* DATA PROVIDED
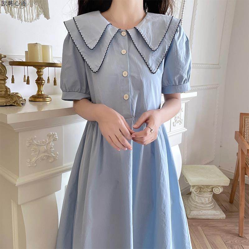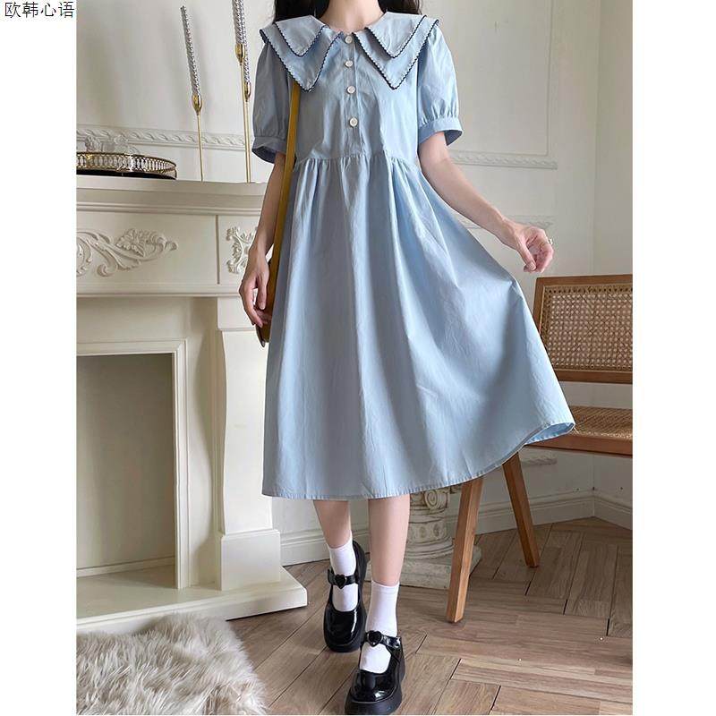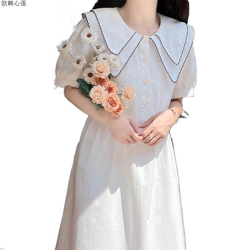 娃娃领连衣裙少女生夏装2025新款初中高中学生森系减龄中长款裙子
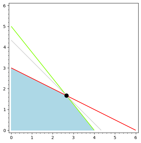 \[\begin{aligned} \max \ x + y \\[1ex] \text{p.p.} \quad x + 2y &\le 6 \\ 5x + 4y &\le 20 \\ x, y &\ge 0 \end{aligned}\]</span>
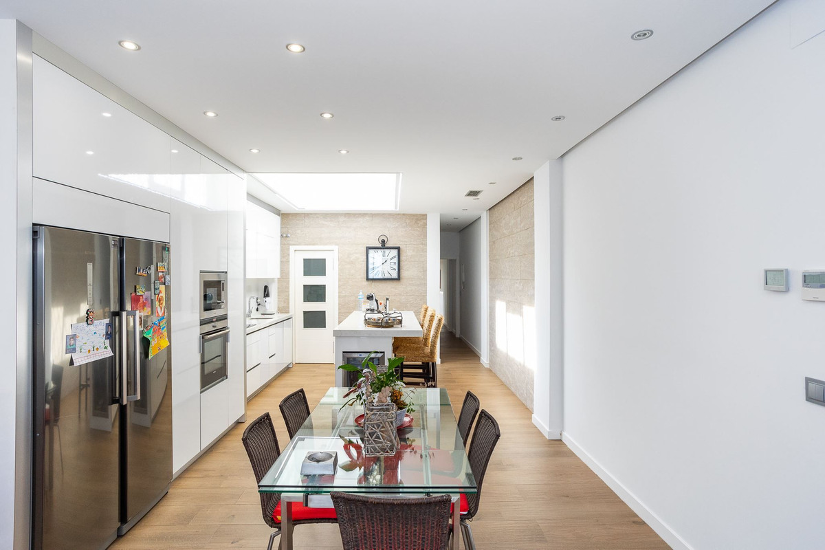 This modern villa here is about 509 square meters and has seven bedrooms, seven bathrooms, living room and kitchen. Added to this is a large terrace and a nice balcony, both with unbeatable views.
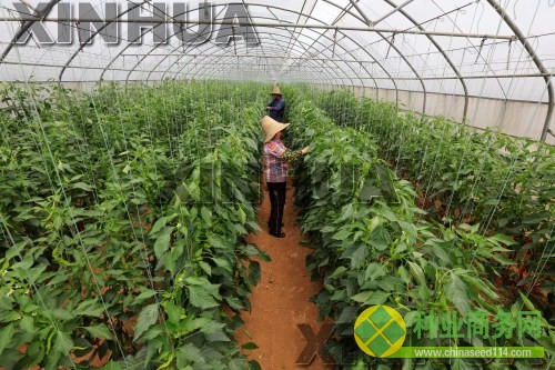 種子培育基地,工作人員在大棚里管護辣椒。 近年來,廣西桂林市臨桂縣抓住現(xiàn)代農(nóng)業(yè)發(fā)展機遇,利用先進

* EXERCISE DESCRIPTION
Reproduce the data above word for word, but leave the images out.

* TASK RESULT
 娃娃领连衣裙少女生夏装2025新款初中高中学生森系减龄中长款裙子
 \[\begin{aligned} \max \ x + y \\[1ex] \text{p.p.} \quad x + 2y &\le 6 \\ 5x + 4y &\le 20 \\ x, y &\ge 0 \end{aligned}\]</span>
 This modern villa here is about 509 square meters and has seven bedrooms, seven bathrooms, living room and kitchen. Added to this is a large terrace and a nice balcony, both with unbeatable views.
 種子培育基地,工作人員在大棚里管護辣椒。 近年來,廣西桂林市臨桂縣抓住現(xiàn)代農(nóng)業(yè)發(fā)展機遇,利用先進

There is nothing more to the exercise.